▸ What the exercise asks
Starting at the line that contains "周文良在第一阶段为学生做了题", write out each line through the end of the data below, exactly as it stands. Skip any pictures.

▸ Dataset content
==============================

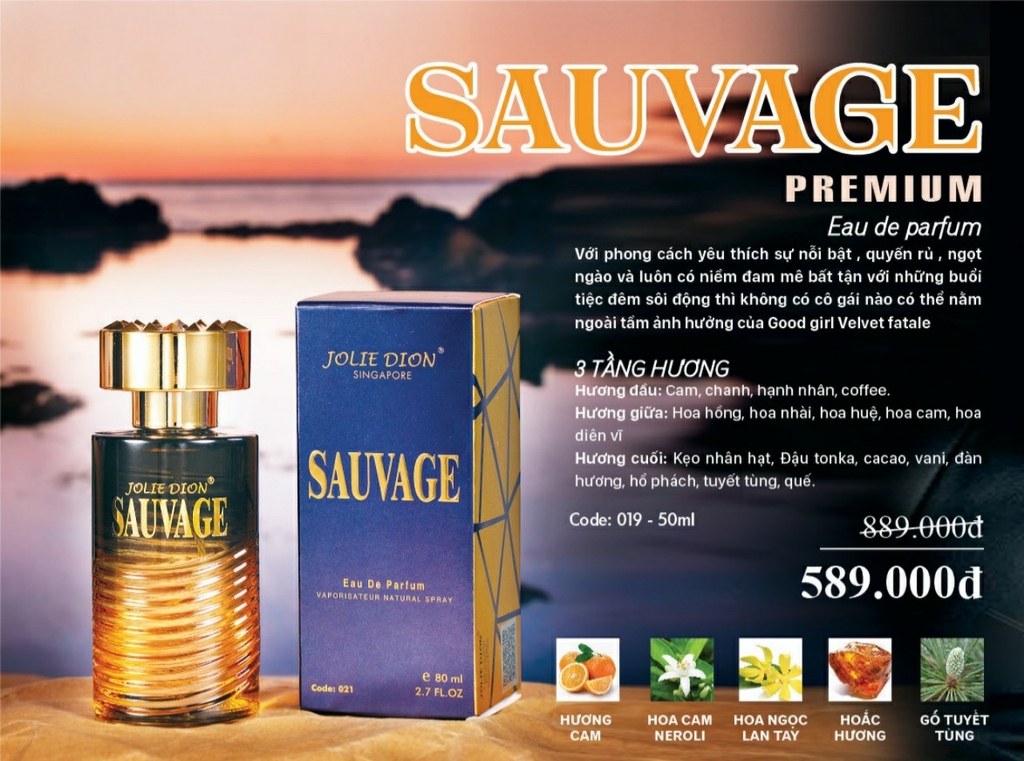 - Kế đến là sự kết hợp hài hoà giữa hương đậu Toka và gỗ Đàn hương , vani xanh mềm được thu hái và ngâm trong nước nóng , chiết xuất bằng một phương pháp sáng tạo cho phép giữ được hương thơm đa tầng , phong phú....SAUVAGE JOLIE DION: giống phiên bản gốc đến 99% , lưu hương trên 8 tiếng ....., với trải nghiệm mới SAUVAGE JOLIE DION sẽ giúp bạn tiết kiệm lên tới 2,800,000/ 1 chai 👍👍🌹💥
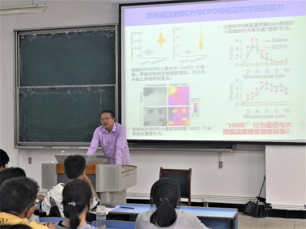 周文良在第一阶段为学生做了题为“濒危物种行为生理学研究与保护”的学术报告,报告介绍了利用红外相机、GC-MS化学分析、宏基因组、电生理及分子生物学等技术,对野生大熊猫的化学通讯、HMR行为、寄生虫感染、压力应急和产崽洞选择等行为进行的深入研究,解析其行为产生的生理-生态机制、适应性意义及历史背景等,并针对性地提出野生及圈养大熊猫种群保育和野生种群栖息地保护的有效建议。
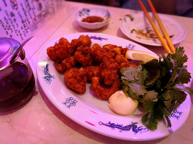 エビチリはソフトシェルシュリンプを使っているので、頭からいけて残すとこなくいただけます。

==============================

▸ Reply
 周文良在第一阶段为学生做了题为“濒危物种行为生理学研究与保护”的学术报告,报告介绍了利用红外相机、GC-MS化学分析、宏基因组、电生理及分子生物学等技术,对野生大熊猫的化学通讯、HMR行为、寄生虫感染、压力应急和产崽洞选择等行为进行的深入研究,解析其行为产生的生理-生态机制、适应性意义及历史背景等,并针对性地提出野生及圈养大熊猫种群保育和野生种群栖息地保护的有效建议。
 エビチリはソフトシェルシュリンプを使っているので、頭からいけて残すとこなくいただけます。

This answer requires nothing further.